Implementation Level

For anyone who wants to dive into the code implementation details of the concept.

Mathematical Level

For anyone who wants to understand the mathematics behind the technique.

What is diffusion model?

Diffusion model is a type of generative models that learn to generate data by simulating the process of diffusion. It is also neural network but added a process of gradually denoising data, where each step of denoising is learned by a neural network.

What is the input and output of diffusion model?

Input:

A random noise fixed-length data (like image) \(\mathbf{x}_T\), typically drawn from a Gaussian distribution.

Output:

A generated data sample that resembles the training data, such as an image \(\mathbf{x}_0\) in the same shape as the input.

What is the forward pass of diffusion model?

Diffusion Model Architecture. Source: (Rombach et al. 2022)

Here the forward pass refers to the process of training the diffusion model.

A noise \(\mathbf{x}_T\) is gradually denoised to the output data \(\mathbf{x}_0\) over a series of time steps \(t = T, T-1, \ldots, 1\), where \(T\) is the total number of time steps. The denoising process that transforms \(\mathbf{x}_t\) to \(\mathbf{x}_{t-1}\) is a neural network, which takes the current noisy data \(\mathbf{x}_t\) as input, and outputs a less noisy version \(\mathbf{x}_{t-1}\). The number of time steps \(T\) is a hyperparameter.

This process is typically considered as a Markov chain. Markov chain is a mathematical system that undergoes transitions from one state to another on a state space. The state space here is the data space, and the transition from one state to another is the denoising neural network.

What is the architecture of diffusion model?

The core architecture of diffusion model is the denoising neural network. It can be any neural network that maps a sample to the output with the same shape. The most commonly used architecture is the U-Net, which is a type of convolutional neural network (CNN) that has an encoder-decoder structure with skip connections.

The denoising neural network at each step shares the same architecture and weights.

How to train a diffusion model?

Diffusion models are trained by supervised learning each step of the denoising process.

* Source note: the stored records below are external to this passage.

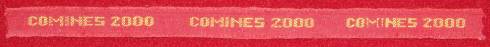 Ruban de type “nominette” tissé au jacquard et présentant, en lettres jaunes sur fond rouge, les inscriptions : “Comines 2000”.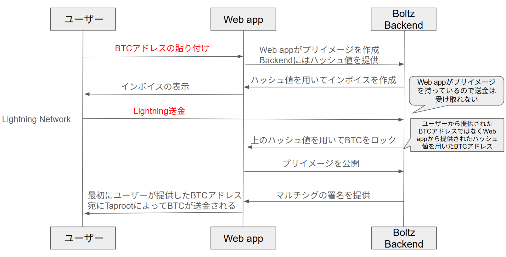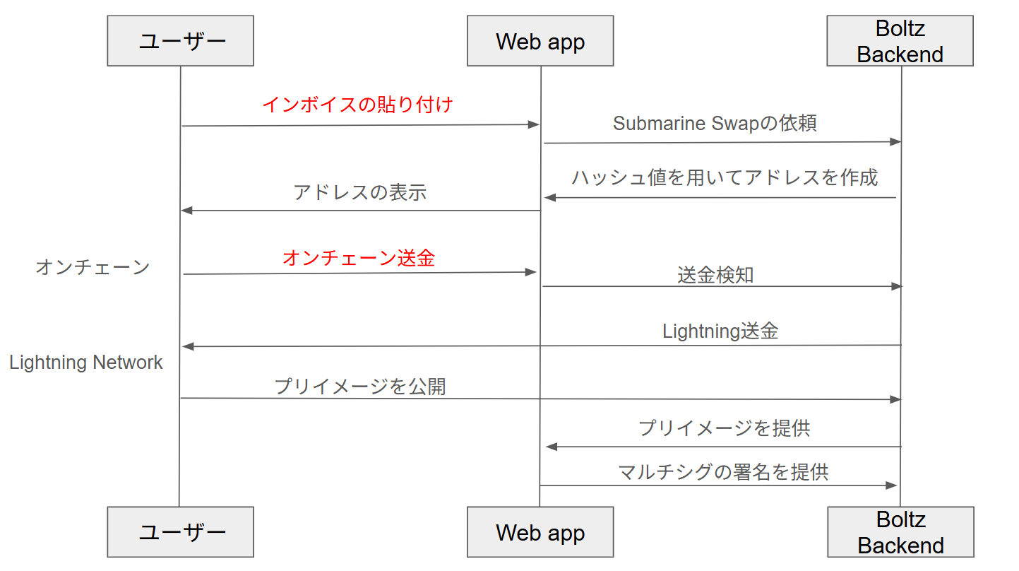 ユーザーが直接操作するのは、赤色で示した 「インボイスの貼り付け」と「オンチェーンでの送金」の2点のみです。それ以外の処理は、Web appとBoltz Backend、オンチェーン、そしてLightning Network上で自動的に進められています。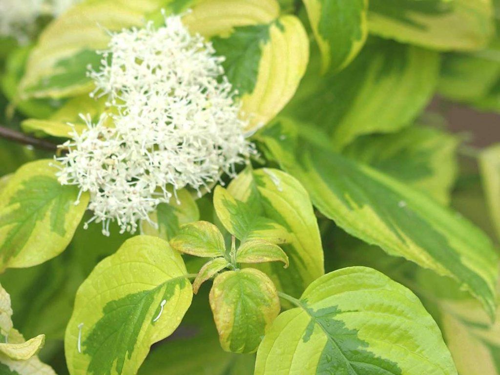 Pagoden-Hartriegel 'Golden Shadows'- ein laubabwerfender Zierstrauch mit kompakter Form, der etwa 3-4 m hoch wird. Er bildet eine dichte Krone, deren Äste horizontal wachsen und buchstäblich mit dekorativen Blättern bedeckt sind. Diese haben eine leuchtend gelbe Farbe mit einem smaragdgrünen Fleck in der Mitte des Blattes. Cremefarbene Blüten erscheinen Ende April und schmücken den Strauch bis Ende des Frühlings. Die Frucht ist eine blau-schwarze Beere. Mit dem Einsetzen des Herbstes nehmen die Blätter violette Farbtöne an. Ein außergewöhnlich schöner und interessanter Strauch, der einen Platz als Solitär in Ihrem Garten verdient.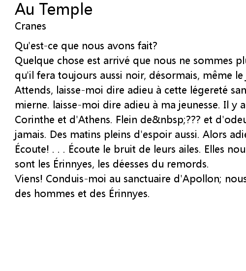 | Attends, laissemoi dire adieu à cette lé gereté sans t che qui fut la mierne. laissemoi dire adieu à ma jeunesse. Il y a des soirs, des soirs de | |

To construct the training data, we start with a clean data sample \(\mathbf{x}_0\) from the training dataset, and then gradually add noise to it over a series of time steps \(t = 1, 2, \ldots, T\), that is \(\mathbf{x}_1, \cdots, \mathbf{x}_T\). The amount of noise added at each time step is controlled by a noise schedule. These noisy samples \(\mathbf{x}_t\) at each time step \(t\) are used as the input to the denoising neural network, and the target output is the less noisy sample \(\mathbf{x}_{t-1}\).

It seems that the model is trained to learn the noise added at each step, but noise is a random variable. Does the model learn to generate random thing?

The model is indeed trained to learn the random noise added at each step, but it does not learn to generate randomly, but based on the \(\mathbf{x}_t\) at each step.

References

Rombach, Robin, Andreas Blattmann, Dominik Lorenz, Patrick Esser, and Björn Ommer. 2022. “High-Resolution Image Synthesis with Latent Diffusion Models.” In Proceedings of the IEEE/CVF Conference on Computer Vision and Pattern Recognition, 10684–95.